The Common Ground exhibit is set up to show how African American artwork has evolved through out history, and includes a community and children’s area so that the public can add to the exhibit.

The artwork featured came from the Flint Institute of Arts, the Kalamazoo Institute of Arts and the Muskegon Museum of Art.

The exhibit starts out as far back as 1900 with the period known as gaining access, this is a time when the African American artist of that time were creating traditional artwork that didn’t have much inflection into their personal lives.

This era changes into the new-self awareness phase, this era happened near the time of the civil war and Lincoln’s abolition of slavery and was a time when more artists were creating work from their own lives and portraying their racial heritage.

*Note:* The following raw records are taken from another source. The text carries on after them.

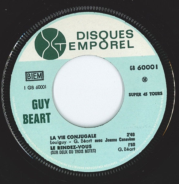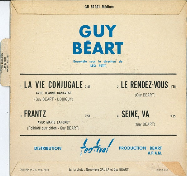A1. Guy Béart, Jeanne Canavèse - La Vie Conjugale 2:40 A2. Guy Béart - Le Rendez-vous (Sur Deux Ou Trois Notes) 1:50 B1. Guy Béart, Marie Laforêt - Frantz 2:59 B2. Guy Béart - Seine, Va 3:05
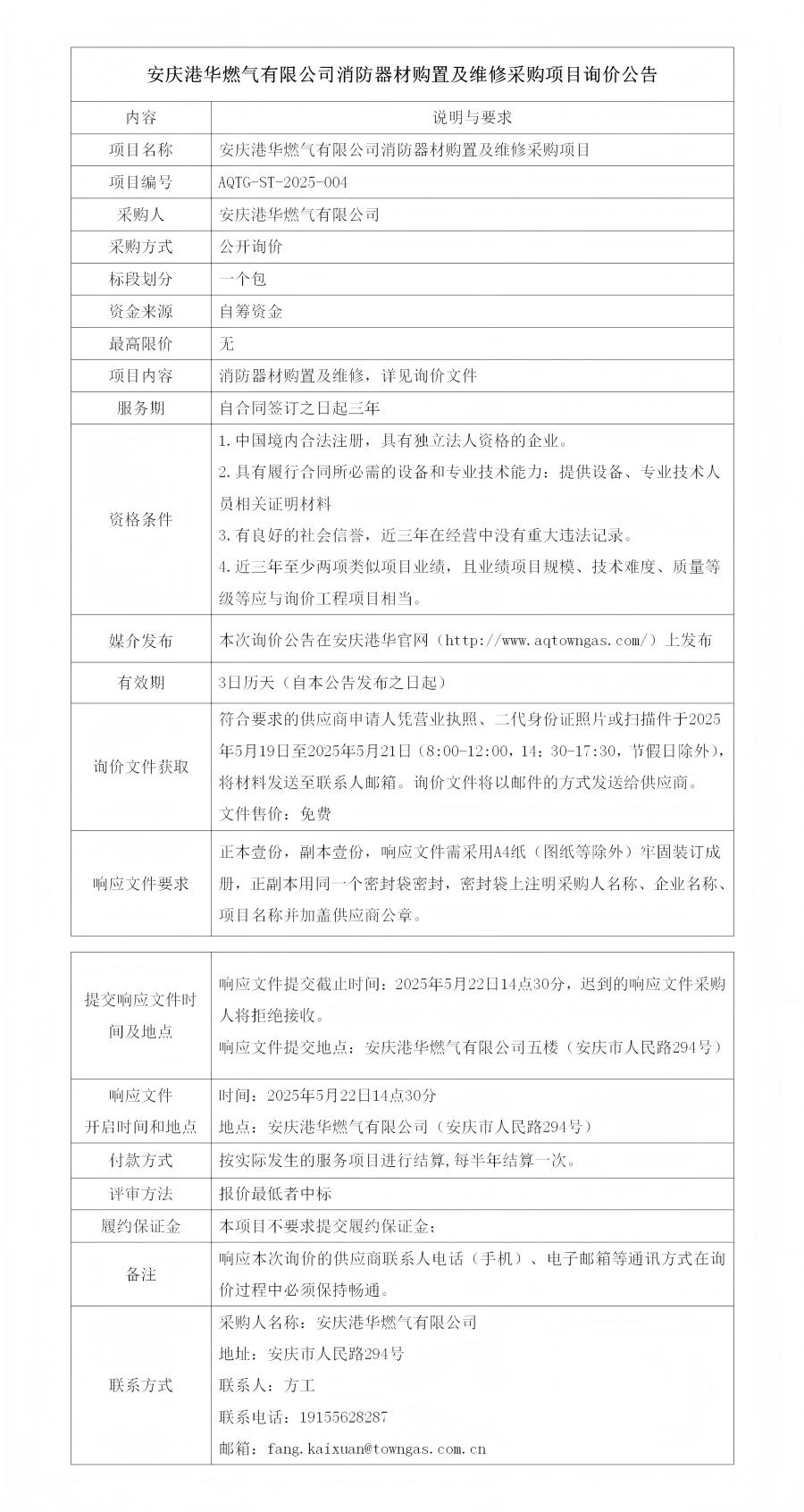 安慶港華燃?xì)庥邢薰鞠榔鞑馁徶眉熬S修采購項(xiàng)目詢價(jià)公告
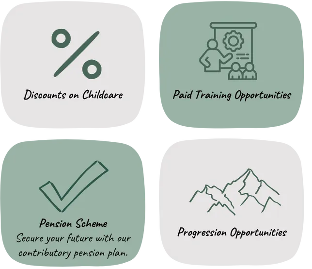 At Priesthills Nurseries, we believe in a team-first, family-feel culture that prioritise the well-being and development of everyone involved — from the children to the staff and the families we support.

The civil rights movement had a large impact on the political and social expression age of artwork, which encompassed the Spiral Arts Alliance. Initiated by Romane Bearden and Hale Woodruff the Spiral Arts Alliance was active in political and social representations during the years of 1963- 1965, but also retained the creation of artwork strictly for creative purposes with no connection to the civil rights movement. The Spiral Acts Alliance thought that it was important to keep a healthy balance between political pieces and continuing their artwork for the sake of creation.

In the examining identities section Winfred Kembert’s moving piece called Chain Gang is front and center and Kembert himself came and talked to Museum goers on two separate occasions.

This section also contains letters to and from Martin Luther King Jr. and Jack Dayand in 1960.